## What you should do
The expected output is the line with "El K100 se puede" plus all lines after it to the end of the material below, reproduced exactly, with pictures omitted and nothing else included.

## Recorded information
_ _ _
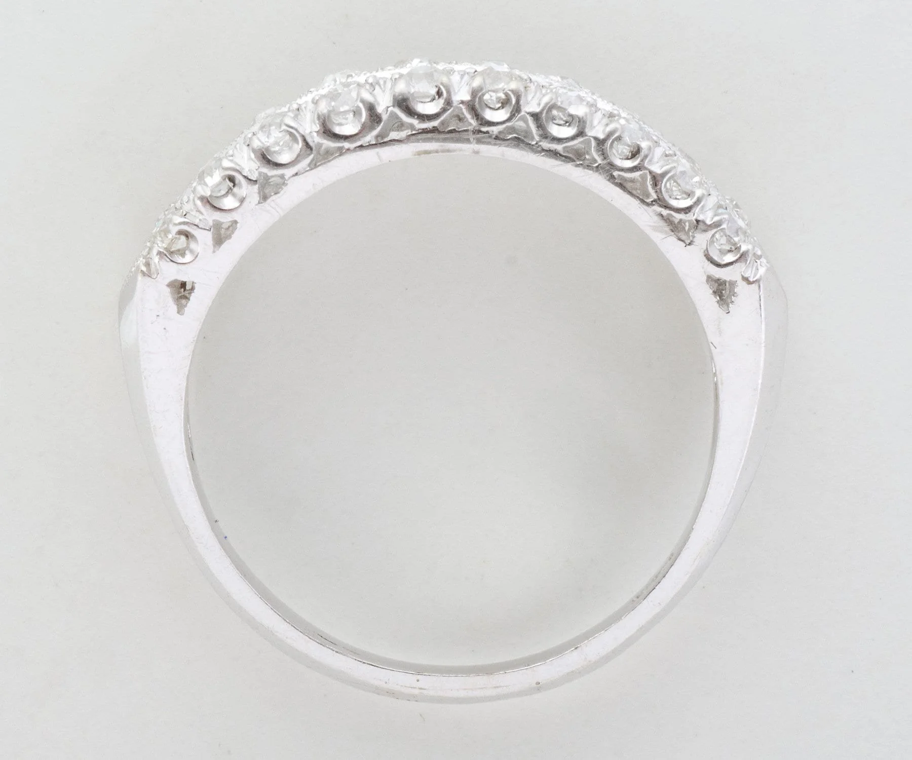 Antique Diamond Band - Antique 14k White Gold Double Row European Cut Diamond Band
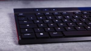 El K100 se puede cambiar entre BlueTooth y la tecnología inalámbrica Slipstream de Corsair con solo tocar un botón, lo que lo hace versátil. Se pueden conectar hasta tres dispositivos al mismo tiempo.
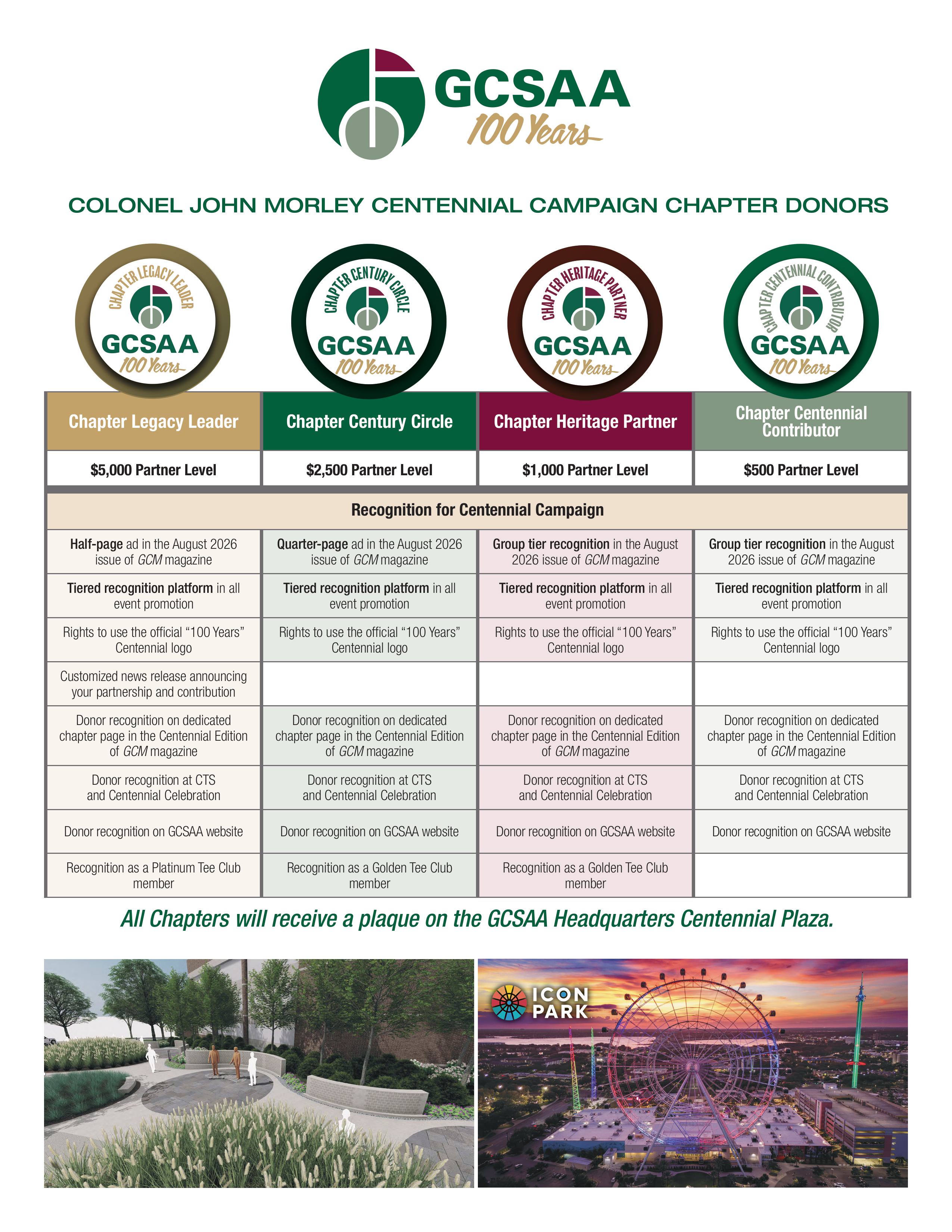 The GCSAA Foundation has embarked on a Centennial fundraising campaign to establish a new endowment honoring GCSAA’s founder, Col. John Morley, with a goal of raising $1 million to fund new and innovative initiatives for the next 100 years.
_ _ _
## Completed exercise
 El K100 se puede cambiar entre BlueTooth y la tecnología inalámbrica Slipstream de Corsair con solo tocar un botón, lo que lo hace versátil. Se pueden conectar hasta tres dispositivos al mismo tiempo.
 The GCSAA Foundation has embarked on a Centennial fundraising campaign to establish a new endowment honoring GCSAA’s founder, Col. John Morley, with a goal of raising $1 million to fund new and innovative initiatives for the next 100 years.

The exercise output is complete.